6) And (3) connecting the microfluidic sensing unit (3) in the double-hole microstructure optical fiber treated in the step (5) with a microfluidic pump and a waste liquid pool, and pumping the refractive index matching liquid into the sensor at a constant speed through tapered optical fibers connected with two ends of the double-hole microstructure optical fiber by using the microfluidic pump (6), so that the microfluidic refractive index sensing measurement in the optical fiber can be realized.

2. The microfluidic refractive index sensor based on a dual-hole microstructured optical fiber according to claim 1, wherein the refractive index matching liquid in the step 6) is prepared by glycerin with different solubilities, and the refractive index ranges from 1.33 to 1.39.

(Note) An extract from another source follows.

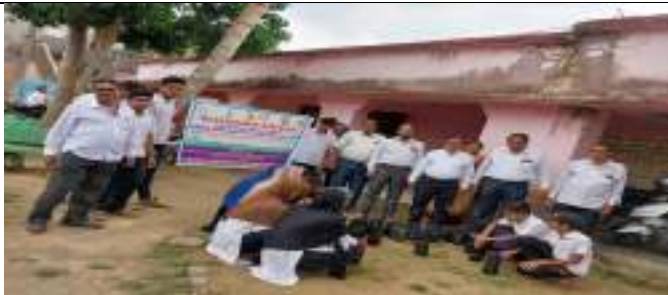
NAIGUAN DAUDPUR H.S, KOILI BLOCL (3)

3. The preparation method of the micro-fluidic refractive index sensor based on the double-hole micro-structure optical fiber according to claim 1, wherein a super-continuous spectrum light source (1), an input single-mode optical fiber (2), a micro-fluidic sensing unit (3) in the double-hole micro-structure optical fiber, an output single-mode optical fiber (4) and a spectrum analyzer (5) are sequentially connected in series, and a micro-flow pump (6) and a waste liquid tank (7) are connected with the sensor through tapered optical fibers connected with two ends of the double-hole micro-structure optical fiber.